==== Study material ====

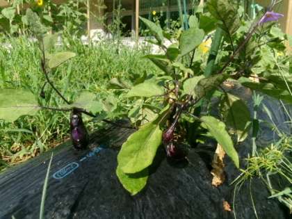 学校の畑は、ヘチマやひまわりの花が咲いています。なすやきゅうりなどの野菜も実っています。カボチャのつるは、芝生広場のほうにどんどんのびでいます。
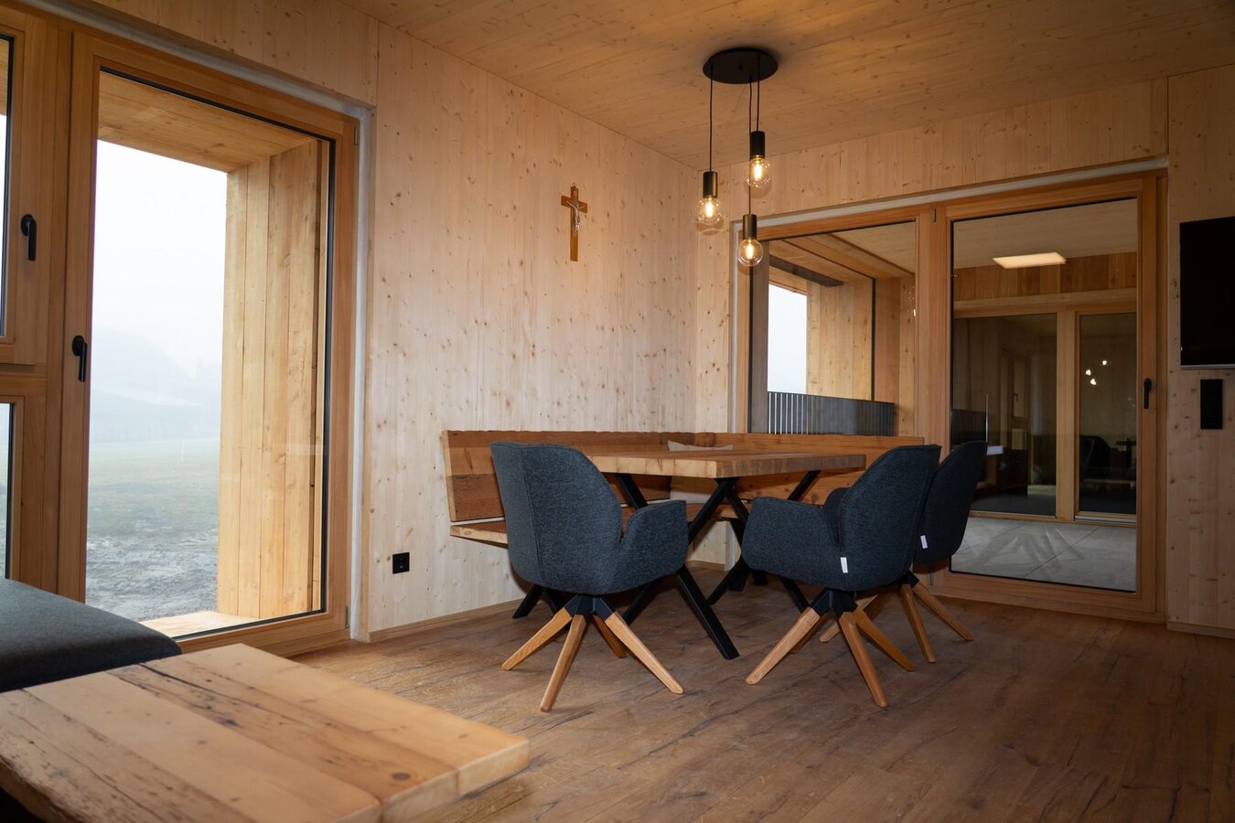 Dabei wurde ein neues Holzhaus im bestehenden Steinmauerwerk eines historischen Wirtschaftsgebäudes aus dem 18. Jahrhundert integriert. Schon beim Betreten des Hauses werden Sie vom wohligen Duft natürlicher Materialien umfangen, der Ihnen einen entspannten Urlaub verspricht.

====
==== Study material ====

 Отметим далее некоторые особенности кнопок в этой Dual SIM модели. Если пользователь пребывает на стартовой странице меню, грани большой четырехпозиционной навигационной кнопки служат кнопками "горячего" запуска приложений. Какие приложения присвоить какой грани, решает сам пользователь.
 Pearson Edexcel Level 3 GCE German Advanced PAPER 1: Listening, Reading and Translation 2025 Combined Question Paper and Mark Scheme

====

What you will do
Starting at the line above that holds "学校の畑は、ヘチマやひまわり", repeat every line exactly down to and including the line that holds "Dabei wurde ein", then stop. Do not carry over any pictures.

Response box
 学校の畑は、ヘチマやひまわりの花が咲いています。なすやきゅうりなどの野菜も実っています。カボチャのつるは、芝生広場のほうにどんどんのびでいます。
 Dabei wurde ein neues Holzhaus im bestehenden Steinmauerwerk eines historischen Wirtschaftsgebäudes aus dem 18. Jahrhundert integriert. Schon beim Betreten des Hauses werden Sie vom wohligen Duft natürlicher Materialien umfangen, der Ihnen einen entspannten Urlaub verspricht.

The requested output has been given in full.